The origins of Florence, like many great Italian cities stems back to the Roman era, as a settlement for Caesar’s Colonies. For the sake of defence, the city was set and the meeting point of 2 streams, the Arno and The Mugnone, where the oldest locations had previously been located. The invasion of the Barbarians decreased the importance of Florence as a stronghold for the Romans, however in 405, the city managed to halt the hordes of Radagaisus, but succumbed to the Gotho-Byzantine war.
This lead to a feudal system being implemented in the 8th Century, and the city grew on this, where in the 11th century it became more important in the region of Tuscany because of the cities involvement in the reform of the church. During this period between the 13th and 14th centuries, the lower and middle classes were accentuated, while the wealthy merchants had a stronger grip on the power within the city. Towards the end of the 14th Century, the lower class managed to broadened the base of democracy.
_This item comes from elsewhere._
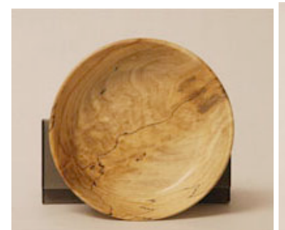
Barry Stump 6" Spalted Maple Flat bowl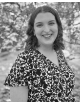
Taylor Conaway Memorial member

In 1859, Tuscany became part of Unified Italy and Florence was the capital city of Italy for 5 years between 1865 to 1870, after the Second Italian War of Independence. The historical part of Florence underwent extensive reconstruction and renovation, which unfortunately completely destroyed the Old Market and the Jewish Quarter, which is located near to the present day Piazza della Republica. This square can be seen to represent the urban stratification which the city suffered during the 19th Century. This lead to an anonymous geometrical layout of the buildings. Fortunately though, some monuments have been left intact and we can still see them today, except with no connection to the buildings around them.